>>>

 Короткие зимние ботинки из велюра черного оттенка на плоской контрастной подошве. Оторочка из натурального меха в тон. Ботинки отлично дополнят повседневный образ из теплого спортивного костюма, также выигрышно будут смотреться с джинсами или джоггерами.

<<<
>>>

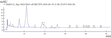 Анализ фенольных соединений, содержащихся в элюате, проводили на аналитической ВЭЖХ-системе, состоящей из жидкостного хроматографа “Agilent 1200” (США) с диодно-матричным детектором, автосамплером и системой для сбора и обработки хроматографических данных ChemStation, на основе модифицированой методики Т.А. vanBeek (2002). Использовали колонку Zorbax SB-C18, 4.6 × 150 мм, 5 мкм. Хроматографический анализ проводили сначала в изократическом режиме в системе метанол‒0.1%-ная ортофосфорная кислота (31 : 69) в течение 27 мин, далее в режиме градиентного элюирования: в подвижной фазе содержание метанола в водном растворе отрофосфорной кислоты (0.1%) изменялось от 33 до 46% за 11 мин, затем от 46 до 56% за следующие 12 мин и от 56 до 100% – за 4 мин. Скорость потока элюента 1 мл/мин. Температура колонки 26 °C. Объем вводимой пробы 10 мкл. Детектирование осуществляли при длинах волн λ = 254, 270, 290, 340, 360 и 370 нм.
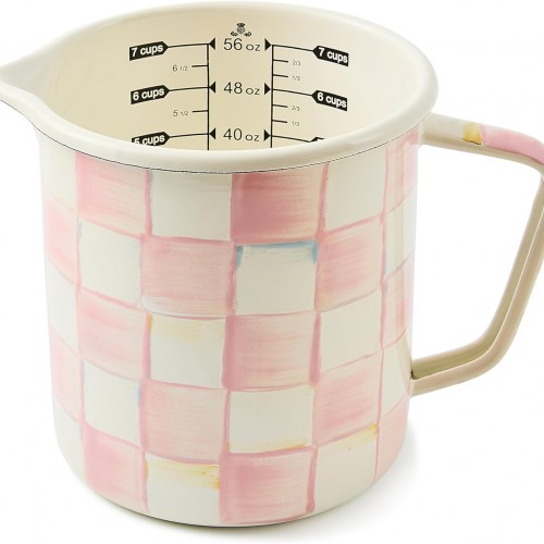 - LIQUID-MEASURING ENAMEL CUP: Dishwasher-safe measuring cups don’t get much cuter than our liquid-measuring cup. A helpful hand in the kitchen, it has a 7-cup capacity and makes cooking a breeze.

<<<

*Work to complete*
The response must repeat exactly the lines above from the one with "Анализ фенольных соединений, содержащихся" through the one with "- LIQUID-MEASURING ENAMEL", including both, and must contain no pictures and no other text.

*Result for this task*
 Анализ фенольных соединений, содержащихся в элюате, проводили на аналитической ВЭЖХ-системе, состоящей из жидкостного хроматографа “Agilent 1200” (США) с диодно-матричным детектором, автосамплером и системой для сбора и обработки хроматографических данных ChemStation, на основе модифицированой методики Т.А. vanBeek (2002). Использовали колонку Zorbax SB-C18, 4.6 × 150 мм, 5 мкм. Хроматографический анализ проводили сначала в изократическом режиме в системе метанол‒0.1%-ная ортофосфорная кислота (31 : 69) в течение 27 мин, далее в режиме градиентного элюирования: в подвижной фазе содержание метанола в водном растворе отрофосфорной кислоты (0.1%) изменялось от 33 до 46% за 11 мин, затем от 46 до 56% за следующие 12 мин и от 56 до 100% – за 4 мин. Скорость потока элюента 1 мл/мин. Температура колонки 26 °C. Объем вводимой пробы 10 мкл. Детектирование осуществляли при длинах волн λ = 254, 270, 290, 340, 360 и 370 нм.
 - LIQUID-MEASURING ENAMEL CUP: Dishwasher-safe measuring cups don’t get much cuter than our liquid-measuring cup. A helpful hand in the kitchen, it has a 7-cup capacity and makes cooking a breeze.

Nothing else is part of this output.